Case Number: ADJ-00007896. Workplace Relations Commission

Docket NumberADJ-00007896
Date21 August 2018
CourtWorkplace Relations Commission
PartiesA Courier v A Hospital Group
Procedure:

In accordance with Section 41 of the Workplace Relations Act, 2015 and Section 39 of the Redundancy Payments Acts 1967 - 2014 following the referral of the complaints to me by the Director General, I inquired into the complaints and gave the parties an opportunity to be heard by me and to present to me any evidence relevant to the complaints. Further written submissions were made by the Parties on the 24th May 2018 and 20th June 2018.

Background:

The Complainant entered into an agreement with the Respondent and delivered laboratory samples for the Respondent to different hospitals in various locations since 2nd April 2002. This agreement was terminated by the Respondent in April 2016. The Complainant claims that his contract of employment was terminated in February 2016 and he performed his last delivery for the Respondent in April 2016. At the hearing the Parties agreed that the last date the Complainant delivered samples for the Respondent was 2nd April 2016.

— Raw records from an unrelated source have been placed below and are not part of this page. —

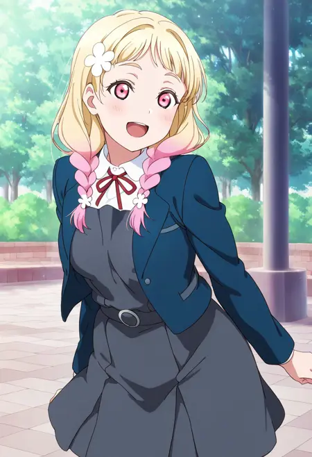 natsumi_onitsuka, 긴 머리, 금발, 머리 장식, 분홍색 머리, 땋은 머리, 꽃, 다색 머리, 머리 꽃, 분홍색 눈, 두 줄 땋은 머리, 그라데이션 머리, 셔츠, 드레스, 리본, 자켓, 흰색 셔츠, 벌어진 옷, 칼라 셔츠, 벌어진 자켓, 빨간 리본, 목 리본, 파란 자켓, 앞치마 드레스, 회색 드레스, 유이가오카 학교 유니폼,
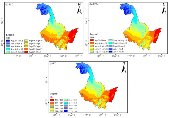 Spatial distribution of FSD (a), FED (b) and FD (c) of the soil freeze–thaw processes in Heilongjiang Province from 1971 to 2020.
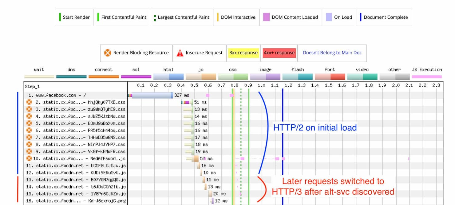 alt-svc が検出された後、HTTP3に切り替わります。また、コネクション合体(コネクションの再利用)により、2つのホスト名がDNS上で同じIPに解決し、同じTLS証明書とバージョンを使用する場合、クライアントは両方のホスト名で同じコネクションを再利用できる場合があります。したがって、使用するホストとTLS証明書の数に応じて、HTTP/2とHTTP/3の両方が混在するウォーターフォール リクエストを目にすることは珍しくありません。
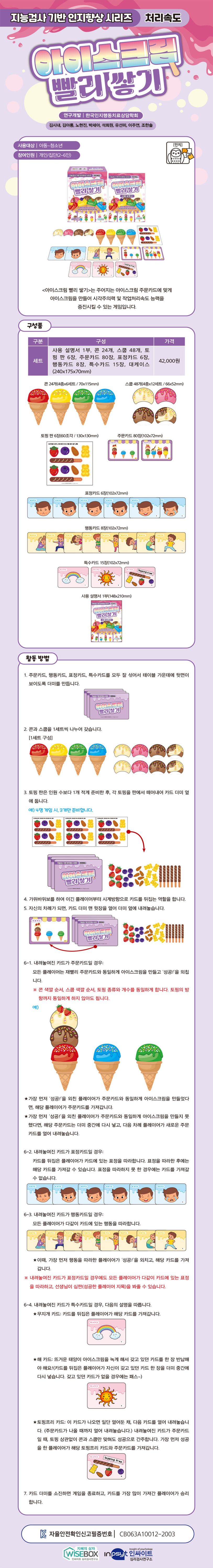 〈아이스크림 빨리 쌓기〉는 주어지는 아이스크림 주문카드에 맞게 아이스크림을 만들어 시각주의력 및 작업처리속도 능력을 증진시킬 수 있는 게임입니다.

The Complainant claims that he was an employee of the Respondent and was entitled to redundancy payment, annual leave entitlements and his notice.

The Respondent denies the claims and argues that the Complainant was self-employed and engaged under a contract for service.

Preliminary matter: Employment status

There was a dispute between the Parties as to whether the Complainant was an employee as claimed by the Complainant or whether the Complainant had a contract for services as maintained by the Respondent.

Summary of Respondent’s Case:

The Respondent entirely refutes the assertion that the Complainant was an employee and argues that he was an independent contractor engaged under a contract for services. The Respondent submits that the Complainant was self-employed under the business name “ABC”. The Complainant was one of several couriers which the Respondent used for a number of years.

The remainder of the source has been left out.